Sentencing Amendment Act 2001


Tasmanian Crest
Sentencing Amendment Act 2001

An Act to amend the Sentencing Act 1997

[Royal Assent 19 September 2001]

Be it enacted by His Excellency the Governor of Tasmania, by and with the advice and consent of the Legislative Council and House of Assembly, in Parliament assembled, as follows:

1.   Short title

This Act may be cited as the Sentencing Amendment Act 2001 .

2.   Commencement

This Act commences on the day on which this Act receives the Royal Assent.

3.   Principal Act

In this Act, the Sentencing Act 1997 is referred to as the Principal Act.

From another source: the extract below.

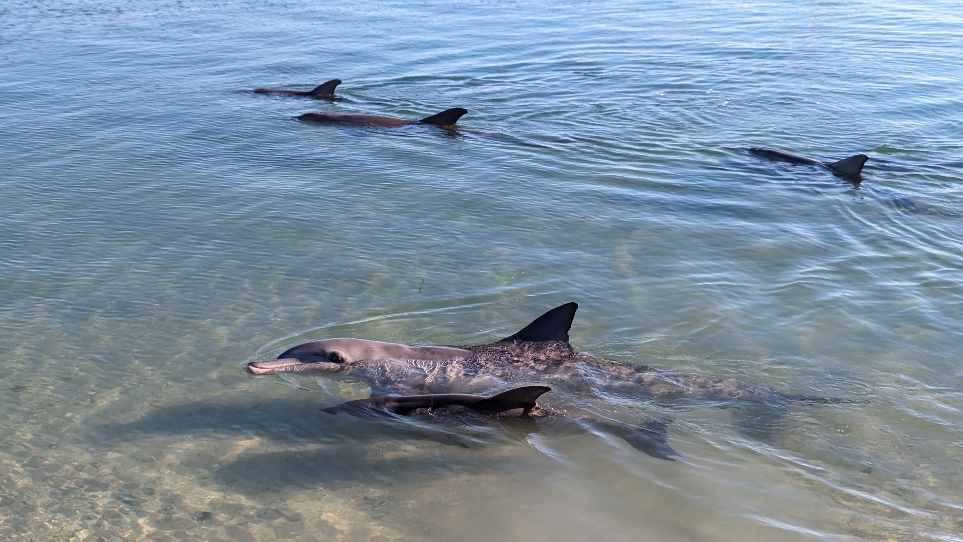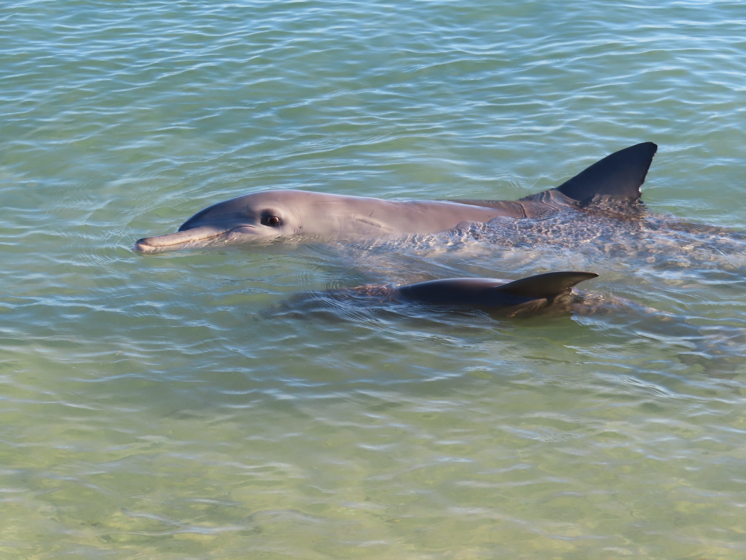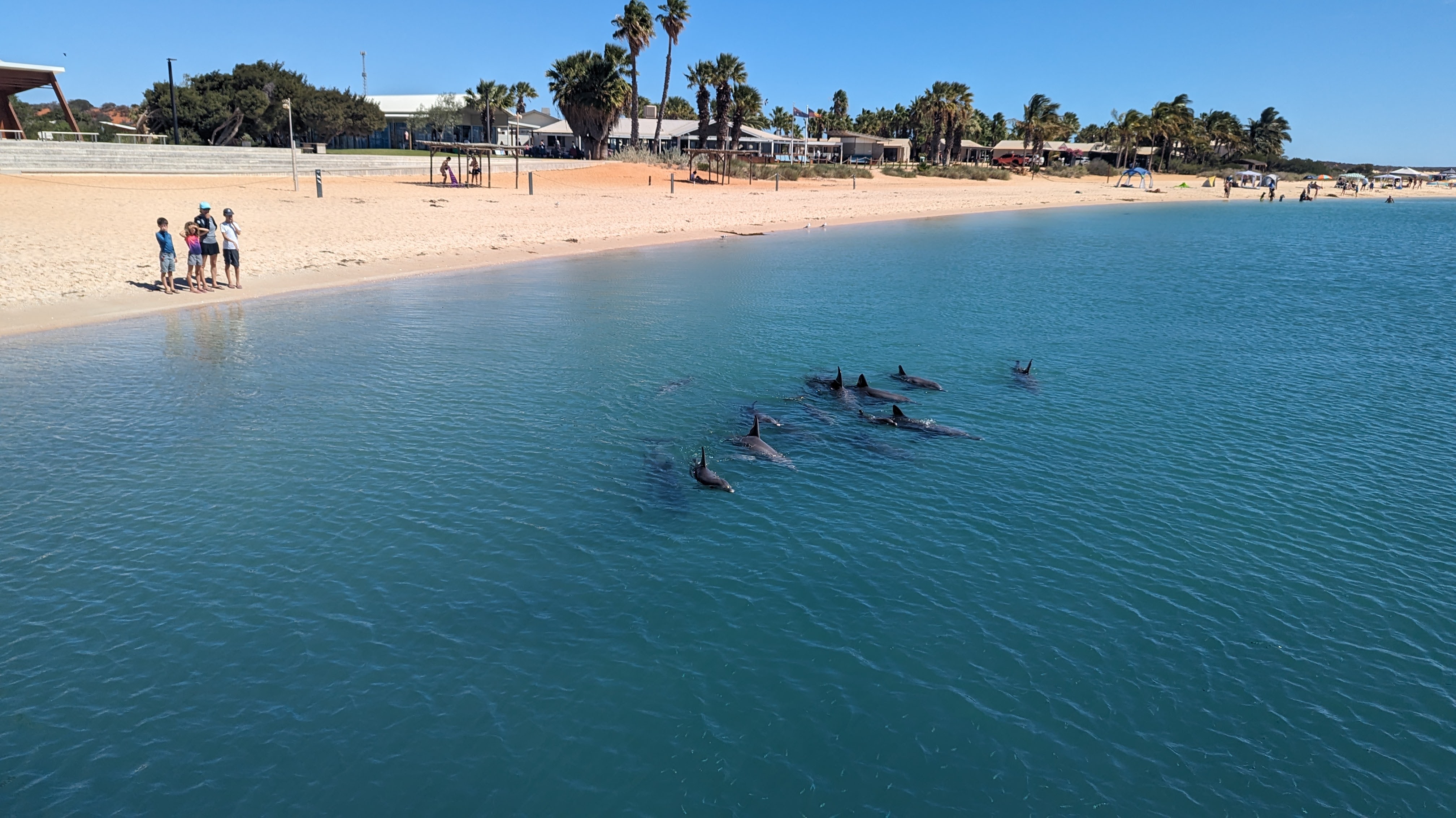 Monkey Mia, c’est avant tout LE lieu pour rencontrer des dauphins. En effet les cétacés ont pris l’habitude de venir se promener en bord de plage, complètement à l’aise avec la présence des humains. Interdiction d’aller dans l’eau pour les approcher, mais on les voit déjà très bien comme ça.

4.    Section 36A inserted

After section 36 of the Principal Act , the following section is inserted in Part 4:

36A.   Offender discharging order is taken to be Crown employee for certain purposes

(1)  An offender discharging a community service order is, for the purposes of the Workers Rehabilitation and Compensation Act 1988 , taken to be a worker employed by the Crown and being paid at the greater of the following rates:
(a) a rate equal to the basic salary within the meaning of that Act;
(b) the rate of the offender's normal weekly earnings, if any, within the meaning of section 69 of that Act.
(2)  An offender is taken to be discharging a community service order for the purposes of this section if he or she is –
(a) performing a required activity; or
(b) making a required journey.
(3)  For subsection (2)(a) , an offender is taken to be performing a required activity if he or she is –
(a) reporting to the offender's probation officer or supervisor for the purposes of the order; or
(b) doing community service in accordance with the order; or
(c) attending an educational, rehabilitation or other program in accordance with the order; or
(d) doing something else at the request or direction of, or with the express or implied authority of, the offender's probation officer or supervisor.
(4)  For subsection (2)(b)  –
(a) a required journey is a journey made for the purposes of, or in connection with, a required activity; but
(b) a journey is not taken to be a required journey by reason only of the fact that it is for the purpose of enabling an offender to travel –
(i) from his or her place of residence to the place at which he or she is required to perform a required activity; or
(ii) from the place at which he or she is required to perform a required activity to his or her place of residence.